Tips for Dealing with Resource Guarding in Dogs

Resource guarding happens when a dog feels something they value (the resource) is threatened. When this happens the dog may display behaviours intended to keep others away from the resource, such as stiffening or hovering over the resource when approached. The pet may also stare, lip curl, growl, bark, snap or lunge, and may even nip or bite if the threat comes too close. If the resource is food, the pet may stop eating, or eat more vigorously.

The following tips are intended as a way to minimize risk and injury to people and pets when resource guarding occurs, but is not designed as a treatment for resource guarding. If you observe resource guarding in your dog, it is best to seek help from a qualified reward based trainer or behaviourist.

For Multi-Pet Households: 

  • Reduce mealtime competition by feeding pets in visually and physically separated areas, waiting until all food has been eaten and or cleared away before allowing pets to come back together. Have pets come back together in a different space than the feeding spaces.
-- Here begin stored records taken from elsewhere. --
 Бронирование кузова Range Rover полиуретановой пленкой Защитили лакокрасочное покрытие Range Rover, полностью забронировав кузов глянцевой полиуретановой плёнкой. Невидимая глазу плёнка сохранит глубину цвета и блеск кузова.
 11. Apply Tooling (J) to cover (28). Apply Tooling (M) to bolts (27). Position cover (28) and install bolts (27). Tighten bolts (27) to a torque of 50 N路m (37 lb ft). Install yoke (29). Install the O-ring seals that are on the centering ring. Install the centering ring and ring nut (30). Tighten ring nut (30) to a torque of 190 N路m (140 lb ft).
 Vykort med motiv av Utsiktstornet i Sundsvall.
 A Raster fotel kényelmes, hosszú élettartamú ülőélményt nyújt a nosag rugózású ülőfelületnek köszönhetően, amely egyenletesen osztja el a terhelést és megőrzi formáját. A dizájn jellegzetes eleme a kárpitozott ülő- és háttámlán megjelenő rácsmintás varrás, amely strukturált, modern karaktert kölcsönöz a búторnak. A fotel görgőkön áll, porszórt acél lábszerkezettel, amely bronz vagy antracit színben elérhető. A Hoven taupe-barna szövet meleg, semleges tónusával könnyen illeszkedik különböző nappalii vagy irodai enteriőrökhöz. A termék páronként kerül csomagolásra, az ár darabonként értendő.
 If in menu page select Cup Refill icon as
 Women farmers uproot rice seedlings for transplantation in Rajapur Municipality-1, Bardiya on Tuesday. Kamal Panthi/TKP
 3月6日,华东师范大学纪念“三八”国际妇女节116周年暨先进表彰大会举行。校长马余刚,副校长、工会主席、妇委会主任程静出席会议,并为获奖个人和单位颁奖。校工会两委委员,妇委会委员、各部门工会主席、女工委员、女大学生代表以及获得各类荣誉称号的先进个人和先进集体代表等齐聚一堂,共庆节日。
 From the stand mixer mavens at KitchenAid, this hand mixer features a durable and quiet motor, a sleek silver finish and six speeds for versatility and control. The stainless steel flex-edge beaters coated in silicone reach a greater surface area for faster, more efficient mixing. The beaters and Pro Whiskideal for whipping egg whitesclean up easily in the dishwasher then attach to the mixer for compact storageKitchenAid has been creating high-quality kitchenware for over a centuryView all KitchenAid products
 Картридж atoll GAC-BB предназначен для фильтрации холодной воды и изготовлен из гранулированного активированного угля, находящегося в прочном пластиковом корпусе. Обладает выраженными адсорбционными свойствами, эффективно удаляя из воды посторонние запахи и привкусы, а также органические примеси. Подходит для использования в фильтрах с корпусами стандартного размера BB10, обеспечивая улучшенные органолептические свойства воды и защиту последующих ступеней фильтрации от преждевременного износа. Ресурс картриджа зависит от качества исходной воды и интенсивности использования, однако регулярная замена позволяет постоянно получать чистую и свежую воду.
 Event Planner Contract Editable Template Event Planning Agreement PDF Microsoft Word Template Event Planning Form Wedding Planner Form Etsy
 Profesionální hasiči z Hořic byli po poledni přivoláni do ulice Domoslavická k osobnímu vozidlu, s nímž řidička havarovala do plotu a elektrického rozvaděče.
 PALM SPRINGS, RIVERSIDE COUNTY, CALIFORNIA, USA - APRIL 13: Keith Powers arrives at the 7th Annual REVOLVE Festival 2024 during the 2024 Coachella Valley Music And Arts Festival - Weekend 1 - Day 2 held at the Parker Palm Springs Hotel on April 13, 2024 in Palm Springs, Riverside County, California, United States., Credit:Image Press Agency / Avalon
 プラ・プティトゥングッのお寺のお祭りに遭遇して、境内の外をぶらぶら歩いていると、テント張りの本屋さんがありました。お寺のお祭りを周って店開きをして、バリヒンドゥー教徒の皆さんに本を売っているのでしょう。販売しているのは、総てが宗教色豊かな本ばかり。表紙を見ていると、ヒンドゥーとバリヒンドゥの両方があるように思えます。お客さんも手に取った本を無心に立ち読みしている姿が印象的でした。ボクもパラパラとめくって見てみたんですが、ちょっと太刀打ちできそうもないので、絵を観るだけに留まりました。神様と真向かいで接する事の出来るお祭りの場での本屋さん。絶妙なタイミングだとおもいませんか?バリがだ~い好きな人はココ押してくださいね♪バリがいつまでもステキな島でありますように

One idea is to do an activity following mealtime such as an outdoor potty break, short walk or moving into a living room area to relax.
  • If there are specific toys that are highly valued, they may need to be picked up and kept away unless the dog is in their own safe space and separate from other pets.
  • If your dog is approaching a dog known to resource guard who is with their valued resource, interrupt and redirect the approaching dog by calling their name or using a quiet clap and move them into a different area.

Managing Resource Guarding:

  • Ensure anyone looking after your pets are aware of their resource guarding behaviors and know how to manage them.
  • Never go near a pet known to resource guard until they have finished or abandoned their resource and have moved out of the area, then the food or toys may be picked up.
  • If a dog resource guards its bed, provide them their own safe space, so other pets or people do not bother them (such as in a crate). If you need to move the dog from the area, do not force them, but rather entice them with high-value treats, tossed away from the sleeping place.
  • If you need to take something from the dog that they are resource guarding (such as something that is dangerous for them) replace it with something they find even more valuable or direct their attention away, and move them into a different area before you pick up the item or the dog may lunge back at you. In multi-pet households, ensure other pets are safely away before doing this as well.
  • The idea is always to help instill positive and happy feelings in the dog rather than fear of losing their resource, replacing the item with something more valuable so they do not feel threatened.
  • Other distraction ideas that may work include ringing the doorbell, opening the fridge, or a door to go outside to the yard. Grabbing your keys, shoes, or leash like you are going to go for a walk.